Ca a été un véritable choc pour moi, quand j’ai débarqué en France, de réaliser qu’il me fallait montrer mon diplôme juste pour espérer pouvoir postuler à tel ou tel travail. Sans diplôme, tu n’es rien. T’as pas de diplôme ? Tu peux crever, connard (en gros).
Et tout le monde semble considérer ça comme normal. Les parents qui poussent au cul de leurs enfants non pas pour développeur leur intelligence, leur culture ou encore leur capacité analytique mais pour “avoir le bac”, les magazines qui publient des méthodes pour réussir — pas pour mieux “comprendre” mais pour “réussir l’examen” — et les éditeurs qui publient des ouvrages synthétisant les matières pour savoir quoi régurgiter et quand pour satisfaire les correcteurs (tout Kant en deux pages, roule ma poule tu l’auras ton examen). Les magazines (encore eux) qui publient des dossiers pour savoir quelles écoles s’offrent au jeune bachelier, ou au pauvre “pas bachelier”. Les entreprises, qui regardent le diplôme avant de s’intéresser à son porteur. Etc.
Pourtant, un diplôme ce n’est pas ça. Cela ne devrait pas être un ticket gagnant pour gagner un job, le prix à payer pour avoir un salaire. Un diplôme, c’est censé valider les connaissances acquises.

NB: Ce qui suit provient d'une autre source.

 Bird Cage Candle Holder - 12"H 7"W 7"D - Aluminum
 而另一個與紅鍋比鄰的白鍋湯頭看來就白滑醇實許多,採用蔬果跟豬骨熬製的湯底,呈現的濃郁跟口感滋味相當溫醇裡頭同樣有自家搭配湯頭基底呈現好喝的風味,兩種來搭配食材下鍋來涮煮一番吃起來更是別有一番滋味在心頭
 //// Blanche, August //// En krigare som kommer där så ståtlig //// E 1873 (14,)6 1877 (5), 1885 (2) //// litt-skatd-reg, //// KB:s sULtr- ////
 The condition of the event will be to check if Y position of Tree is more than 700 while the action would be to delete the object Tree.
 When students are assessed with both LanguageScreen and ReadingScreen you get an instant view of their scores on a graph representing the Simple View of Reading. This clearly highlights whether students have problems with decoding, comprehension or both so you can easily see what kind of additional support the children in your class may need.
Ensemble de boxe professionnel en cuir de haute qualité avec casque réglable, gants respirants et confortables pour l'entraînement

Rien de plus :
“L’élève Dugommier a réussi son examen de mathématiques, il est donc apte à faire des additions”.
C’est très différent de :
“L’élève Dugommier a réussi son examen de mathématiques, il sera donc banquier, comptable ou spéculateur”.
Rendez au diplôme son rôle premier et vous limiterez la nécessité de tricher pour l’obtenir.

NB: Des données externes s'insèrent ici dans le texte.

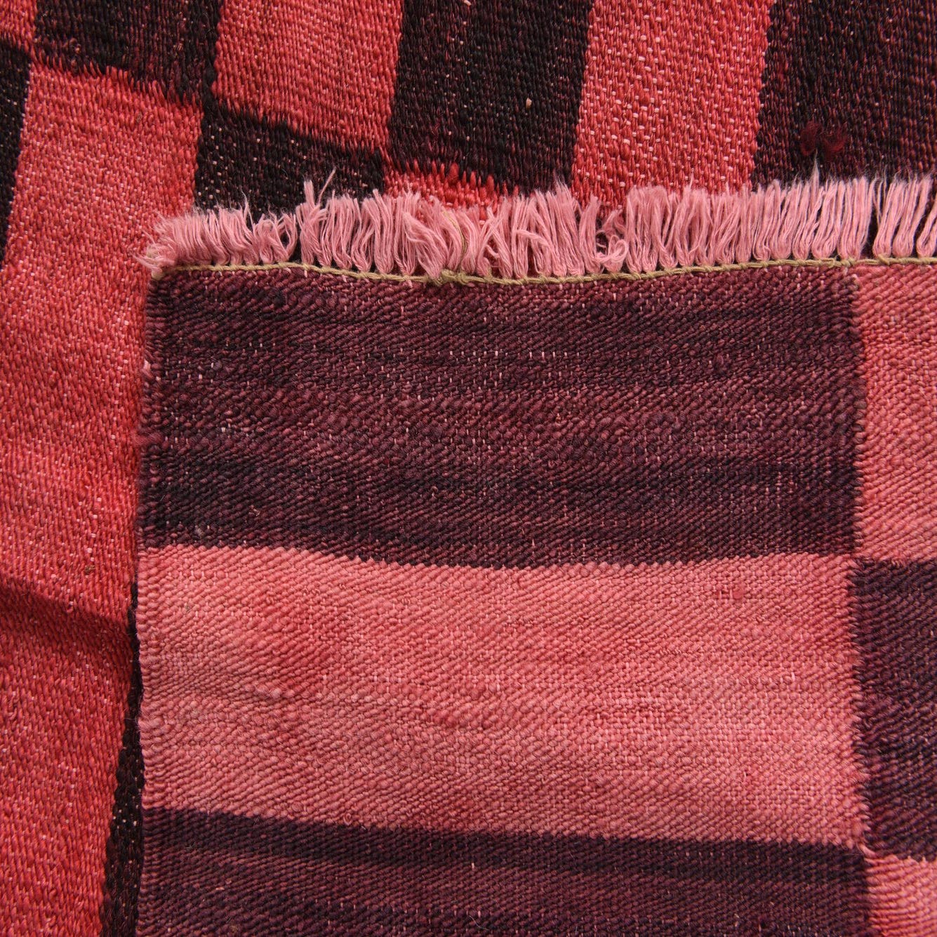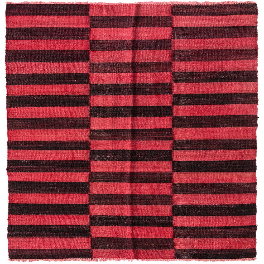 The Kilim Modern Collection presents a 5 Ft Runner, hand-woven from 100% wool, which offers a sturdy yet soft texture underfoot. This runner features a bold and graphic pattern with horizontal bands of red and black, creating a striking contrast that is both dynamic and versatile. The red background anchors the piece with warmth, making it an attractive focal point for a variety of settings.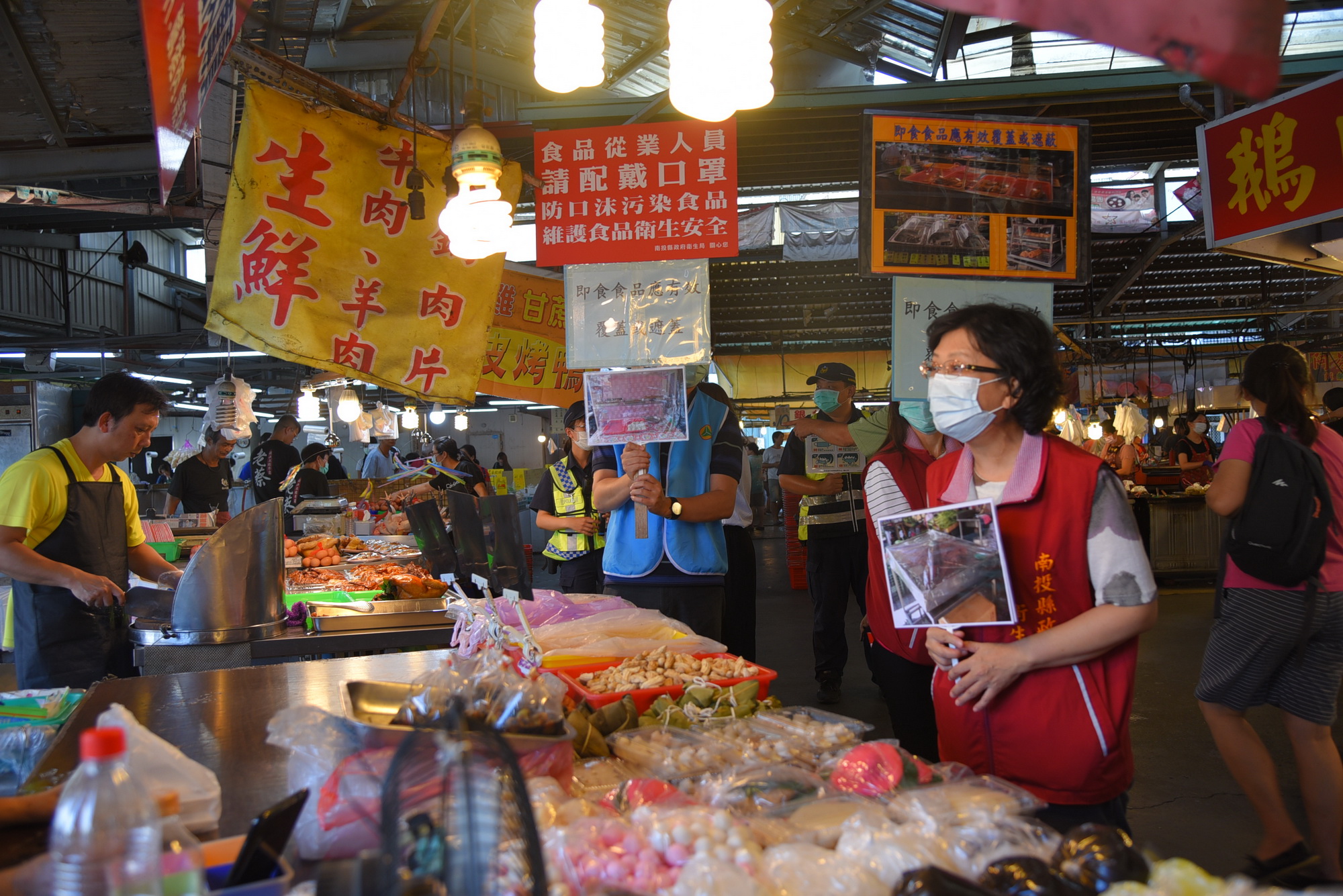 草屯成功黃昏市場攤商販賣食品有生鮮魚肉、蔬果、熟食等,每日都有許多民眾前往採購,是草屯鎮傍晚時間最多人潮的地方之一,縣府特別到場宣導,由衛生局食品科長謝伶華率隊,衛生局、警察局、建設處人員手持立牌、擴音器,提醒民眾保持室外1公尺、室內1.5公尺的社交安全距離,在人潮密集處應戴上口罩提升自我防護能力,降低社區感染的風險。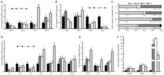 Gene expression in longissimus dorsi muscle. (A) The expression of genes involved in muscle development in longissimus dorsi muscle. Myogenic differentiation 1 (MyoD), myogenin (MyoG), Myocyte enhancer factor 2c (Mef2c), Myostatin (MSTN). (B,C) The expression and abundance of different subtypes of Myosin heavy chain (MyHC). (D) The expression of genes involved in muscle glycolysis and aerobic oxidation. Hexokinase (HK), phosphofructokinase (PFK), pyruvate kinase (PK), pyruvate dehydrogenase (PDH), citrate synthase (CS), isocitrate dehydrogenase (IDH), oxoglutarate dehydrogenase (OGDH). (E) The expression of vascular endothelial growth factor-A (VEGFA), hypoxia inducible factor-1 (HIF1), and myoglobin (Mb). (F) The expression of CCAAT/enhancer binding protein (C/EBPα), adipocyte fattyacid-binding protein (FABP4), and stearyl coenzyme A dehydrogenase-1 (SCD1), n = 3–6. All results are presented as means ± SEM. Different letters indicate significant difference (p < 0.05).

Si votre enfant a triché: réjouissez-vous: c’est l’indice qu’il a compris que nous visons dans un monde où il n’y a plus de place pour l’échec ou l’incertitude, où tous les moyens sont bons pour réussir. (Y compris mettre en péril la réussite de tous les autres étudiant(e)s qui passent le bac en même temps que lui).

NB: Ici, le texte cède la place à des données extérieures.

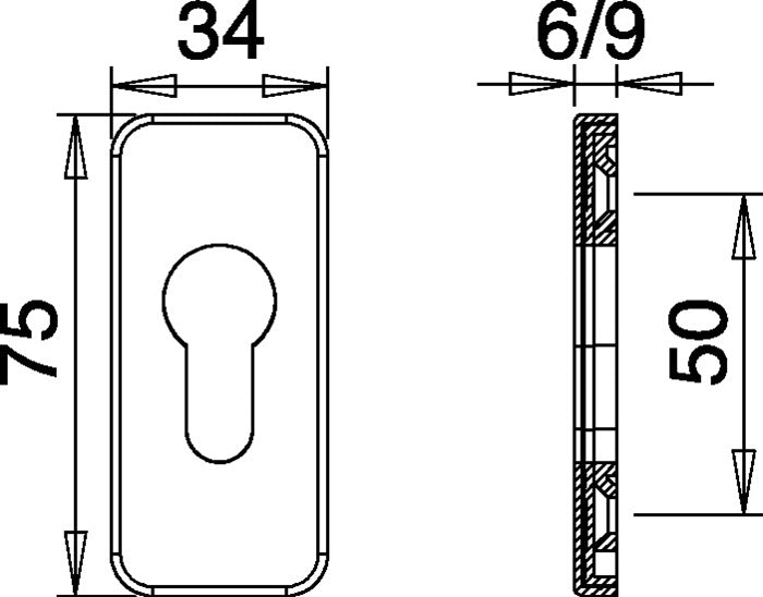 für Rahmentüren · Lochung PZ · Höhe 74,5 mm · Breite 34 mm · unsichtbare Verschraubung · Lieferung ohne Schrauben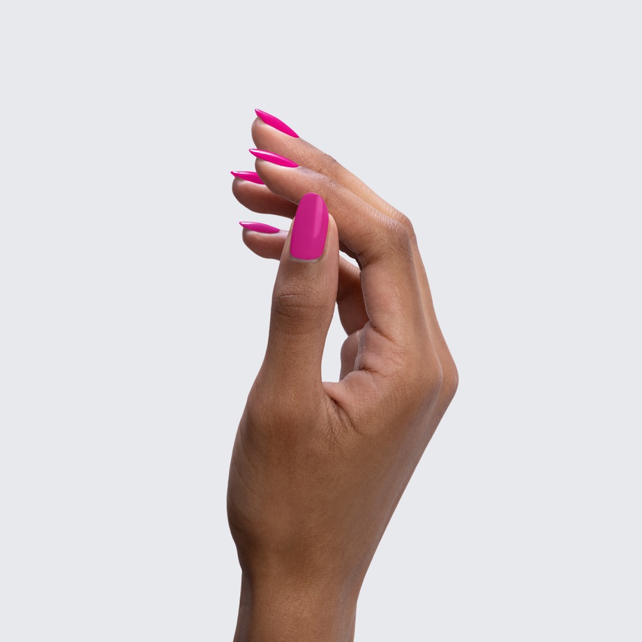 Neon barbie pink. Semi-gloss. Bright. Opaque. Cool undertone.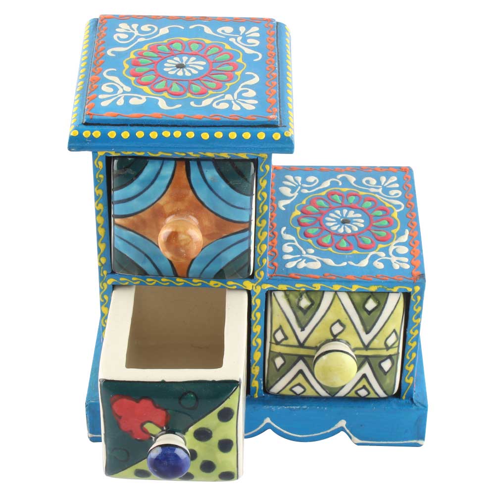 Spice Box-1003 Masala Rack Container Gift Item. Ceramic Drawers in Wooden Frame. The Spice Boxes are designed with different patterns. These boxes are made using natural wood which does not harm the purity of spices.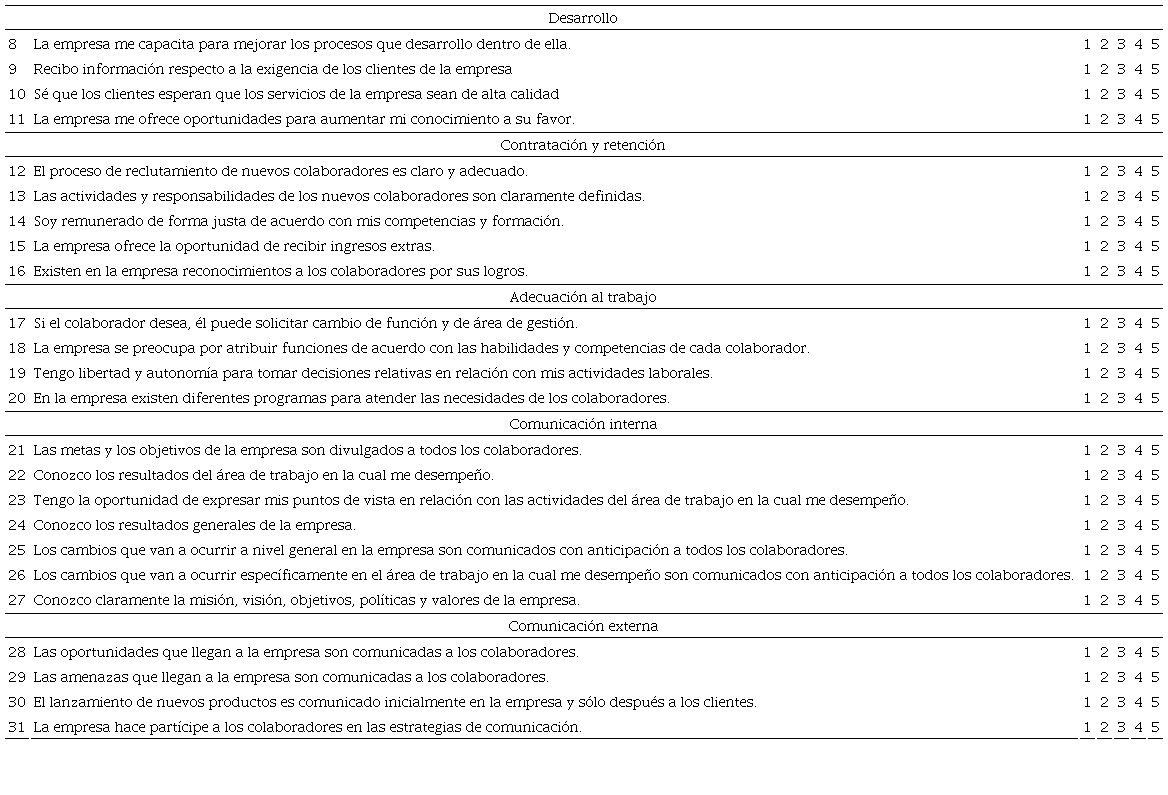 El instrumento para el levantamiento de la información fue una encuesta, construida a partir del modelo de gestión del employer branding propuesto por Fuentes-Jiménez (2009) la cual está dividida en dos partes: la primera presenta siete ítems que tienen como finalidad caracterizar sociodemográficamente a los participantes por medio de preguntas de tipo nominal; la segunda parte presenta veinticuatro ítems que caracterizan el modelo de gestión del employer branding estudiado por medio de preguntas tipo Likert organizadas en cinco dimensiones con sus respectivos factores: desarrollo (capacitación, información del cliente, cliente externo y conocimiento), contratación y retención (reclutamiento, selección, nuevos empleados, pagos extras y reconocimientos), adecuación al trabajo (funciones, habilidades, desarrollo de actividades, necesidades del cliente interno), comunicación interna (metas y objetivos, alcance de resultados, oportunidad de expresión y axiología corporativa) y comunicación externa (la organización en el macroambiente, administración del portafolio de productos y protagonismo en los medios).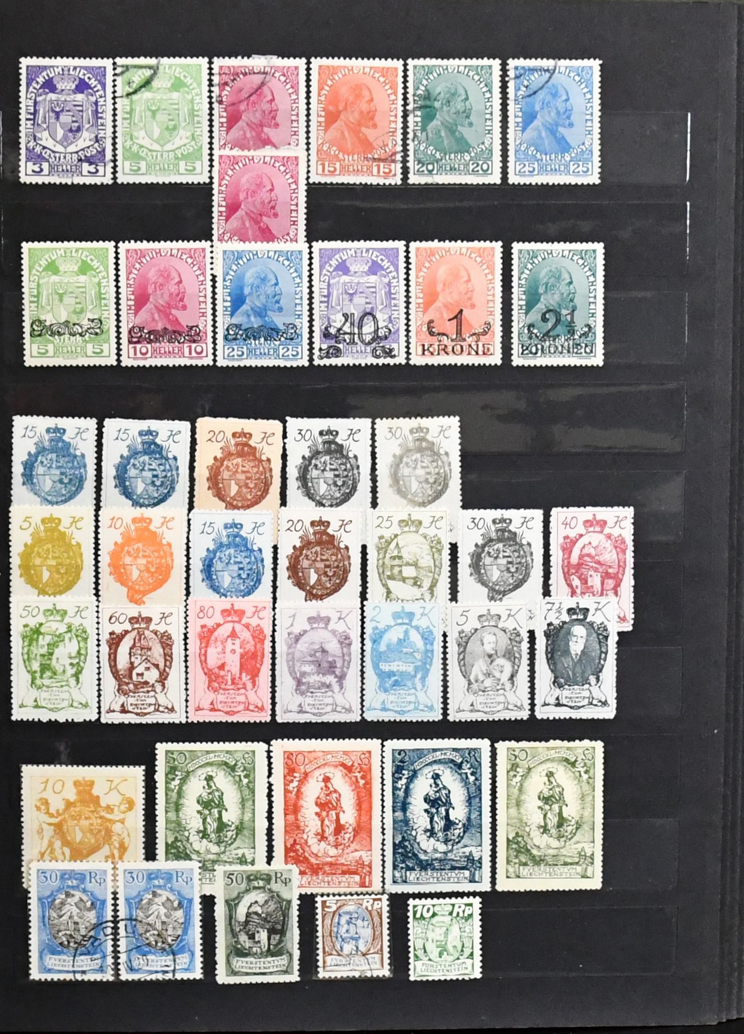 Liechtenstein, 1917-1928, Posten mit guter Satzware, postfr./Falz/gest., u.a. Nr. 11/16, 72/74 (dreimal gest.), 75-77 (siebenmal gest.), 78/81, dazu Block 2, sowie ein Steckbuch mit modernem Sammlungsteil

Je parlais d’hypocrisie : qui aura l’indécence de reprocher à des jeunes gens de tout faire pour essayer de trouver un job à notre époque ? Quand toute la société est en adoration devant le saint Travail, alors que même le chef de l’Etat voue un culte à l’idée de travailler jusqu’à l’âge du cercueil ou presque. Quand tout le monde ou presque considère le chômage comme une déchéance sociale (alors qu’il ne s’agit jamais que de ne pas avoir de travail) ? Alors que, bien plus que le droit de vote, c’est le volume de ta paye (et la taille de la carte de visite) qui tient lieu de véritable pouvoir. Quand la tricherie elle-même — celle des banques qui ne font de profit qu’en baisant leurs clients ou celle des entreprises qui trouvent toujours un moyen de contourner les lois, celle des politiciens magouilleurs ou celles des stars de la chanson ou du sport qui savent comment ne pas payer d’impôts — est célébrée et récompensée jour après jour ?
Oui, mais c’est ainsi. On n’y peut rien, David !
Bien sûr que si.
S’il y a un responsable à ce “problème” de triche, je suggère à tous les parents (et à chacun de nous aussi) de le chercher devant un miroir.
Je vous avais prévenu, je suis naïf. Inépuisablement.